For an action to proceed collectively, section 216(b) sets two basic requirements: (1) members must be “similarly situated” and (2) members must affirmatively consent to join the action. 29 U.S.C. § 216(b). Although the statute does not prescribe a process for certifying a collective proceeding, the “near-universal practice” among courts involves a two-step process. Campbell, 903 F.3d at 1100 (citing 1 McLaughlin on Class Actions § 2:16 (14th ed. 2017)); see also Ayala v. Tito Contractors, 12 F.Supp.3d 167, 170 (D.D.C. 2014) (applying two-step certification process). At the first stage-what is often called “preliminary” or “conditional” certification-“the court mak[es] an initial determination to send notice to potential opt-in plaintiffs who may be ‘similarly situated' to the named plaintiffs with respect to whether a FLSA violation has occurred.” Myers v. Hertz Corp., 624 F.3d 537, 555 (2d Cir. 2010) (emphasis added); see also Dinkel v. MedStar Health, Inc., 880 F.Supp.2d 49, 52-53 (D.D.C. 2012) (collecting cases). This stage requires only “a ‘modest factual showing sufficient to demonstrate that [named] and potential plaintiffs together were victims of a common policy or plan that violated the law.' Castillo v. P & R Enters., 517 F.Supp.2d 440, 445 (D.D.C. 2007) (quoting Chase v.

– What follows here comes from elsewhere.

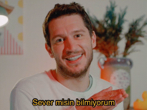Uraz Kaygılaroğlu smiles with hands clasped, saying 'Sever misin bilmiyorum' (I don't know if you'll like it).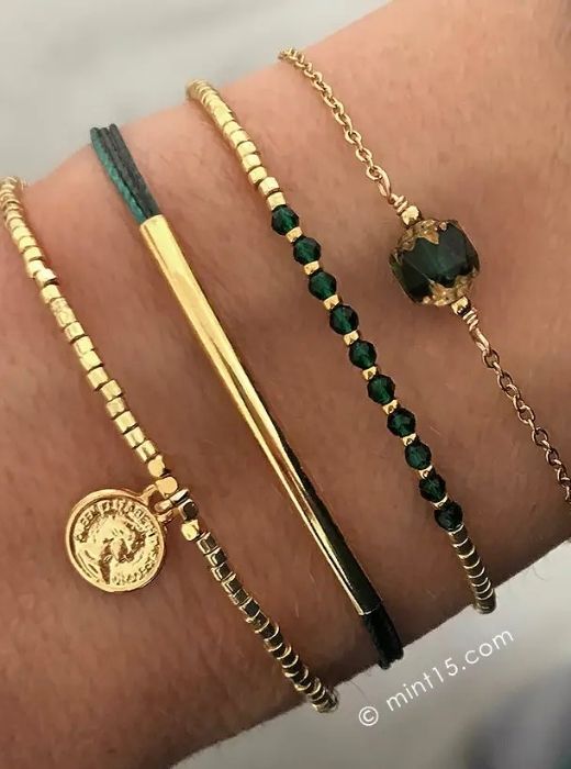 Prachtige armbandenset met geselecteerde armbanden met goud en groene afwerkingen. Het perfecte cadeau, geschikt voor de meeste polsmaten.

AIMCO Props., L.P., 374 F.Supp.2d 196, 200 (D.D.C. 2005)). [T]he district court's analysis is typically focused on a review of the pleadings but may sometimes be supplemented by declarations or limited other evidence.” Campbell, 903 F.3d at 1109. “The level of consideration is ‘lenient' . . . [and] loosely akin to a plausibility standard.” Id. (quoting Camesi v. Univ. of Pittsburgh Med. Ctr., 729 F.3d 239, 243 (3d Cir. 2013)).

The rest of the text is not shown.